In the Disc-PAGE method, IDL and small, dense LDL, which are unstable LDL in the process of lipoprotein metabolism, are described above. In type IV hyperlipidemia, in addition to phenotypic determination, unstable lipoproteins It is possible to determine the appearance of proteins together, and the determination algorithm is set so that IDL and small, dense LDL can be distinguished from those that do not exist. First, type IV hyperlipidemia with increased IDL was set as follows.
Algorithm of type IV hyperlipidemia with increased IDL 1) Not V or type III and type IIb hyperlipidemia etc.
2) The fraction fraction of VLDL is 20% or more in the lipoprotein concentration waveform.
3) The IDL fraction% is 10% or more.
Type IV hyperlipidemia often appears as IDL, small, dense LDL, which is said to be unstable and is a risk substance for arteriosclerosis. In order to clarify the existence of this dangerous substance related to arteriosclerosis, we invented an algorithm of type IV hyperlipidemia with an increase in IDL. IDL is said to be present in about 5% even in normal lipids (Non-patent Document 9), so that the existence of IDL can be more reliably distinguished and the existence of IDL is more reliably limited when the IDL fraction is 10% or more. Type IV hyperlipidemia with increased IDL.

Similarly, type IV hyperlipidemia with increased small and dense LDL was set as follows.
Algorithm of type IV hyperlipidemia with increased small, dense LDL 1) No hyperlipidemia of type V or type III and type IIb.
2) The fraction fraction of VLDL is 20% or more in the lipoprotein concentration waveform.
3) The fraction% of small, dense LDL should be 6% or more.
In addition, since small and dense LDL said here refers to relative mobility RM0.40 or more (nonpatent literature 7), the part of relative mobility RM0.35 described in nonpatent literature 9 is also small, dense LDL. Based on the fact that it is written that the existence of ssl is suspected, the fraction% of small, dense LDL was determined to be 6% or more.

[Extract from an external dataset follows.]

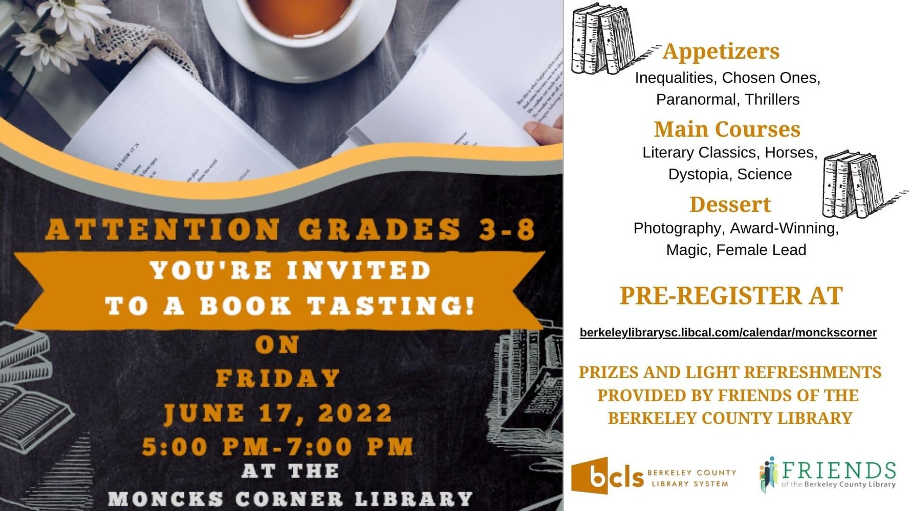 Berkeley County Library System (BCLS) announces a Book Tasting for third-eighth grade students on Friday, June 17th, 2022 from 5 pm to 7 pm at the Moncks Corner Library.
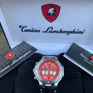 NEW Tonino Lamborghini Men's Chronograph Diamond Bezel Leather Strap Watch

Type IV hyperlipidemia with an increase in both IDL and small, dense LDL was set as follows.
IDL, small, dense Type IV hyperlipidemia algorithm with increased LDL 1) No hyperlipidemia of type V or type III and type IIb.
2) The fraction fraction of VLDL is 20% or more in the lipoprotein concentration waveform.
3) The fraction% of IDL is 10% or more, and the fraction% of small, dense LDL is 6% or more.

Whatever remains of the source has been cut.